Advertisement

The Coast – Expatriate CD Review


The Coast
Expatriate
Aporia

We normally don’t run reviews of out of town bands, but this is an interesting and attractive CD, and it happens that they’ll be playing at the Picador September 21st. The Coast is 4 guys arrayed in the standard drums and wires rawk quartet. They’re Canadian, which is probably neither here or there musically, though anecdotally I’d say chances are they are more polite and better groomed than the average American band. And judging from this CD, they believe in classic pop song structure and major/minor pop harmony.
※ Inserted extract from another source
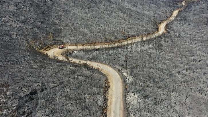 Öte yandan, yangında zarar gören 4 bin 500 hektarlık ormanlık alan ve yapılan soğutma çalışmaları dron ile havadan görüntülendi.

Stylistically they alternate between a shoe-gazey wall-of-sound with buried vocals style and a more earnest radio-friendly pop song. “No Secret Why” for example is really a country song, but the guitars are fuzzy and there’s no twanging accent. Ian Fosbery has a reedy tenor voice that seems to quaver with emotion, though after a couple of listens the lyric seems to leave little impression on me.

Lucky for us the lyrics aren’t the main thing here anyway. These are guys who are seriously in love with their guitars. They manage to decorate their songs with nearly every tasty guitar tone from the last 40 years in turn. What seems to turn them on — besides the generic impulse to Rock that even Canadians aren’t immune to — is to create three dimensional architectures of guitar sound within the pop form. Lyrical blandness aside, these guys are worth checking out.